'''
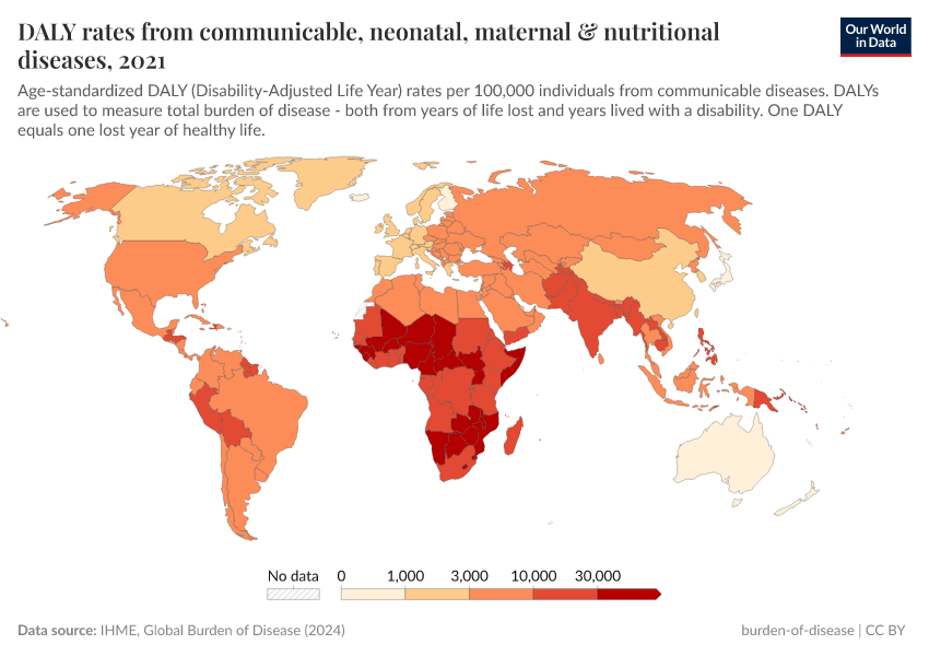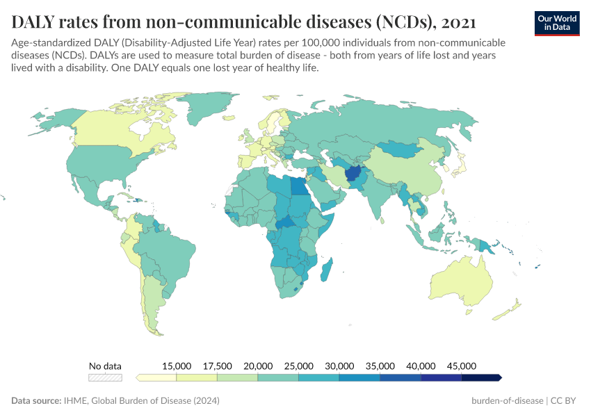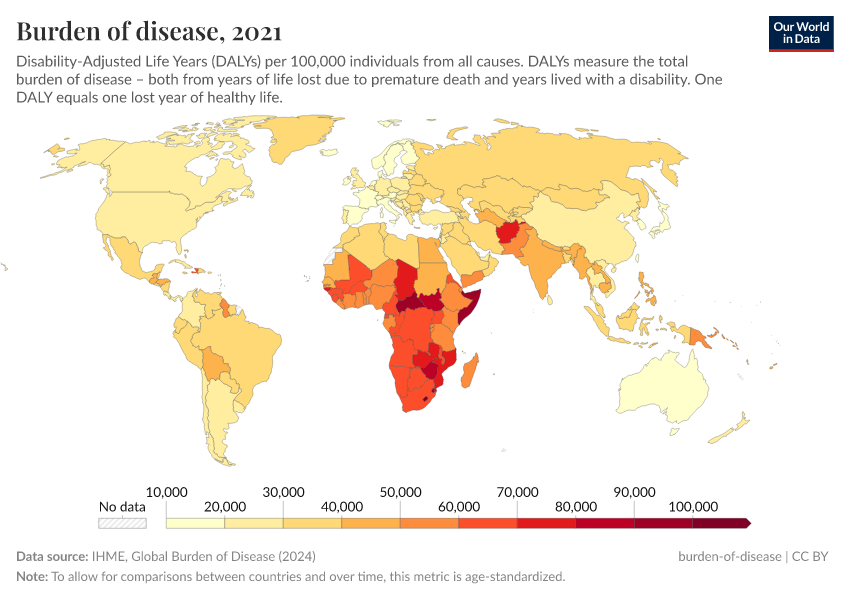 This map shows the annual rate of DALYs per 100,000 people in the population. It is thereby measuring the distribution of the burden of both mortality and morbidity around the world.
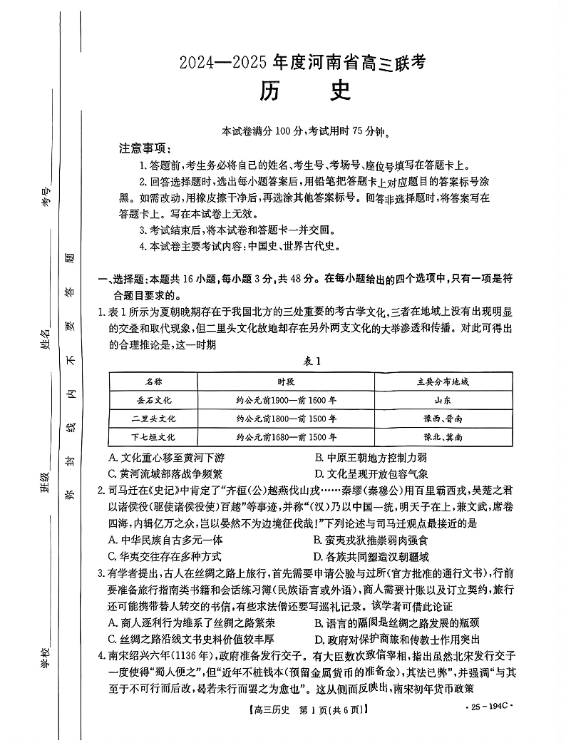 河南省2024-2025学年高三上学期联考 历史.pdf
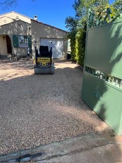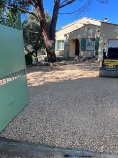 Nous avons utilisé un gravier jaune ocre décoratif, idéal pour apporter une touche chaleureuse et naturelle à vos extérieurs ????☀️
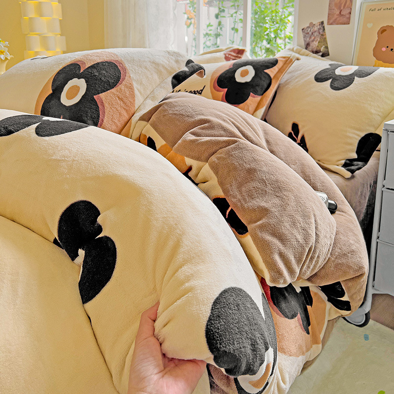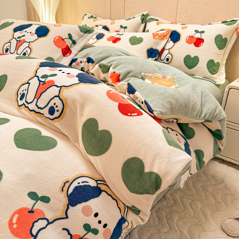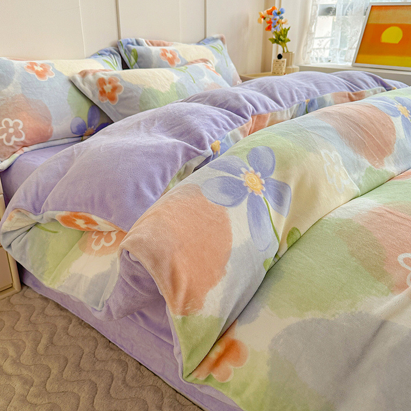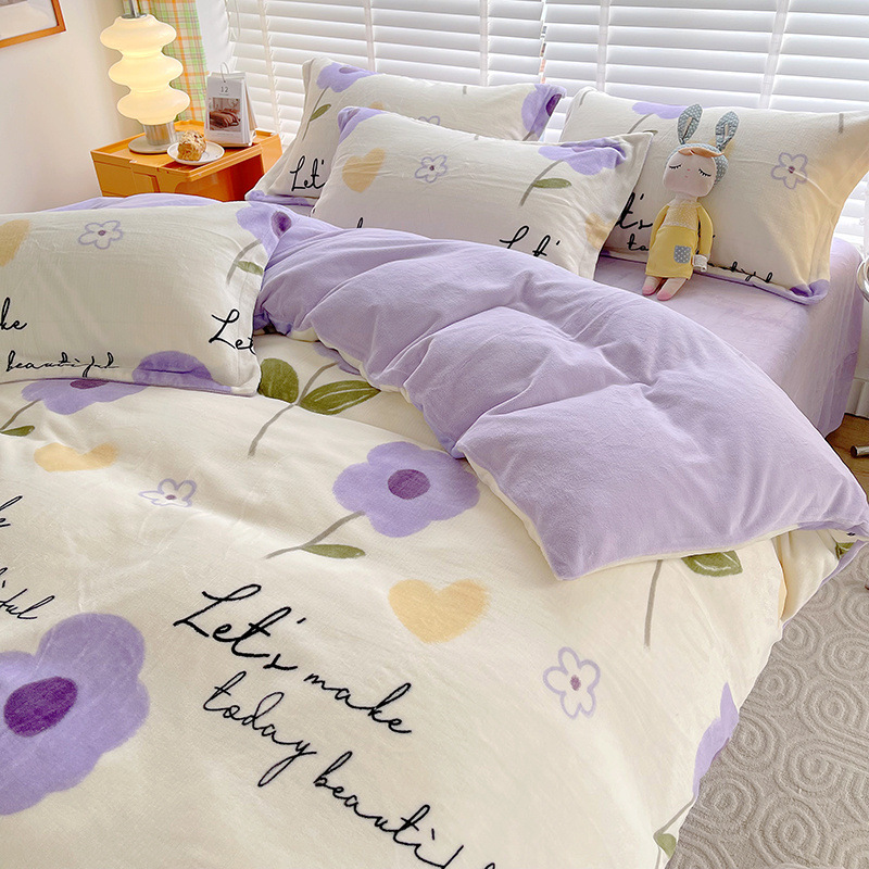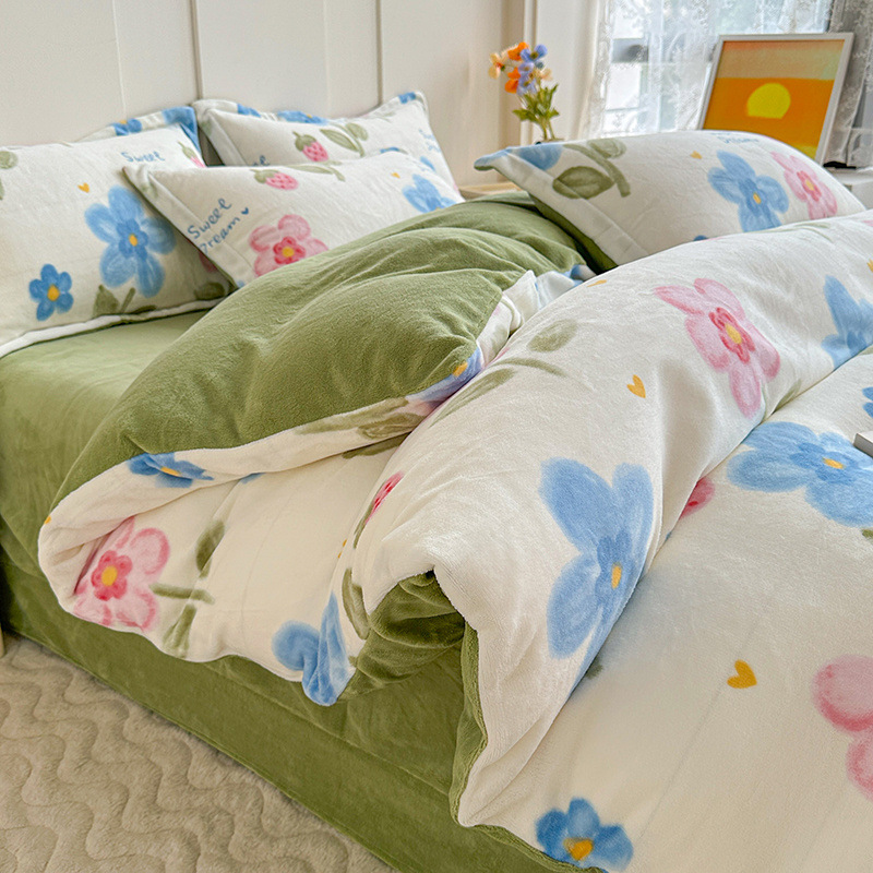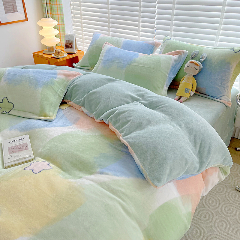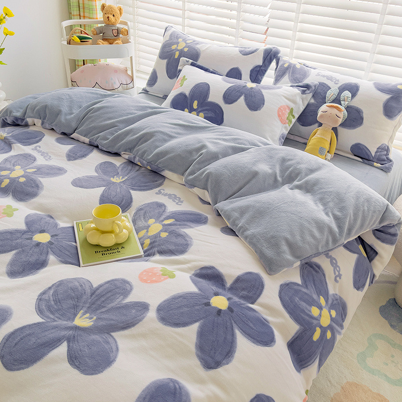 A类母婴级牛奶绒四件套双面加厚法兰绒学生被套床单枕套三件套ins
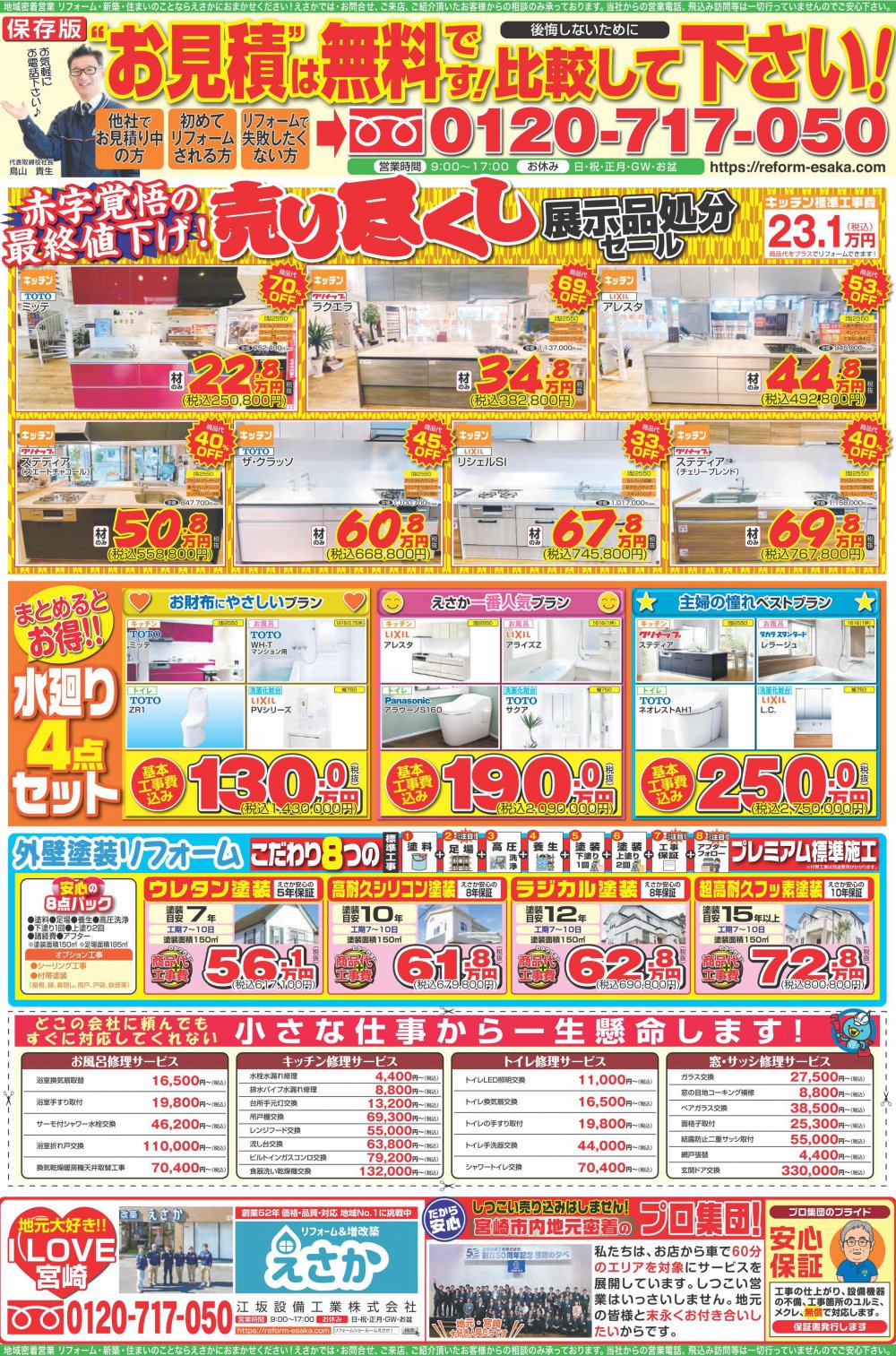 受付時間 / 9:00~17:00 (12:00-13:00 電話休止)施工対応:宮崎市/綾町/国富町
'''
_AIM OF THE EXERCISE_. The expected output is the full data above, reproduced exactly with no images.

_REPLY TO THE TASK_.
 This map shows the annual rate of DALYs per 100,000 people in the population. It is thereby measuring the distribution of the burden of both mortality and morbidity around the world.
 河南省2024-2025学年高三上学期联考 历史.pdf
 Nous avons utilisé un gravier jaune ocre décoratif, idéal pour apporter une touche chaleureuse et naturelle à vos extérieurs ????☀️
 A类母婴级牛奶绒四件套双面加厚法兰绒学生被套床单枕套三件套ins
 受付時間 / 9:00~17:00 (12:00-13:00 電話休止)施工対応:宮崎市/綾町/国富町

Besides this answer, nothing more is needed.